HSBC cuts price targets for Barclays, Lloyds and RBS
China and oil not a material concern for Barclays, Lloyds and RBS
Most large UK banks´ capital already almost in-line with regulator´s target
Updated : 13:23
The exposure of UK banks to China and oil should not be a material concern and the prospects for dividends have improved but the likelihood of later rate hikes in the UK means their shares are now worth less, HSBC analysts said.
To back-up their claim as regards China and crude oil, the broker pointed to then current-pricing for Barclays, Lloyds and RBS´s credit default swaps.
"UK banks’ exposure to the twin market drivers of oil and China doesn’t look big enough to cause material concerns; CDS spreads point to a similar conclusion," analysts Peter Toeman and Robin Down said in a research note sent to clients.
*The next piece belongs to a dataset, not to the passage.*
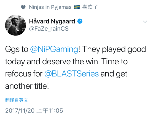 rain:GG NiP!他们今天的发挥值得这场胜利。是时候开始为BLAST系列赛做准备了!

In parallel, the "about turn" by the Financial Policy Committee meant the requirement for lenders´ capital cushions, or so-called Core Tier 1 Equity, of 12% was "materially lower than earlier estimates because of contingent capital, the stress-test regime and structural reform," they said.
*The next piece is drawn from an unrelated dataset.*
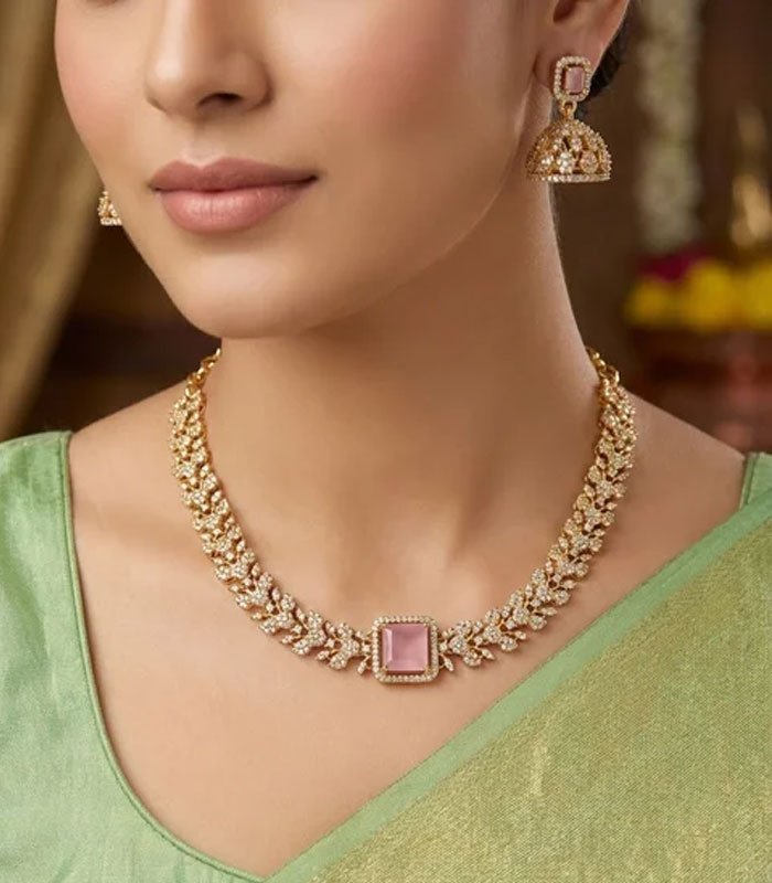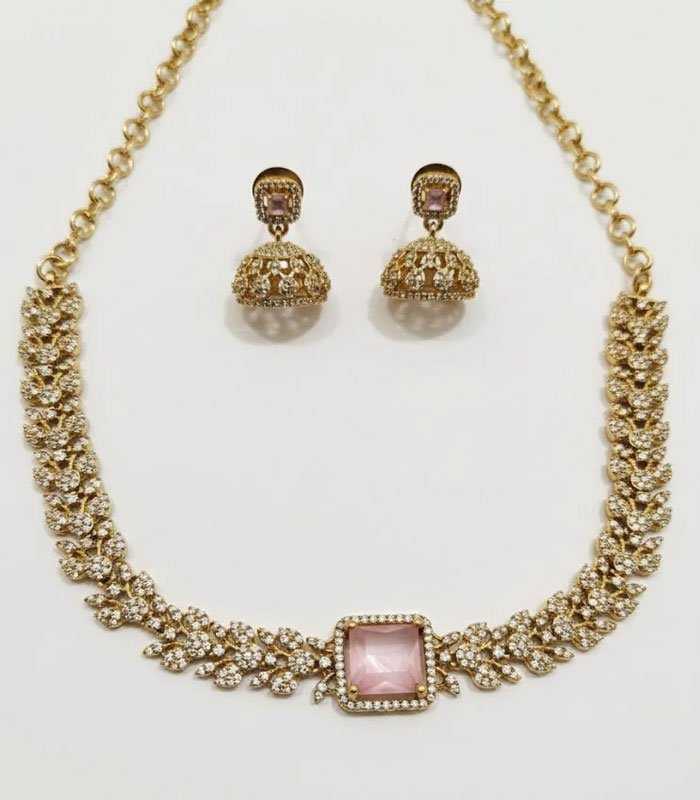 Adorn yourself with the exquisite Gold-Tone Floral Pave Necklace and Jhumka Earring Set. This striking contemporary set features a choker-style necklace crafted in a bright gold-tone finish. The necklace boasts a continuous pattern of stylized floral or leaf motifs, each entirely paved with brilliant simulated diamonds (or cubic zirconia), creating a rich, dazzling texture. The centerpiece is a prominent square-cut simulated pink gemstone, framed by the sparkling pave work, lending a soft, feminine contrast.

Of Britain´s seven large banks, the majority were above or just below that threshold, with only Barclays an outlier at 11.1%.
Even in that last case, they added that: "Barclays’ strong showing in the 2015 stress test suggests that its regulatory requirements could be lower than peers."
Hence, the outlook for dividends from UK banks had improved "materially", HSBC said.
Nonetheless, and due to the impact which later rate increases would have on their net interest margins HSBC lowered its target prices on Barclays from 315p to 230p, on Lloyds from 103p to 80p and for RBS from 360p to 260p.
Toeman and Down kept their recommendation on shares of Barclays and Lloyds at 'buy' and that on RBS at 'hold'.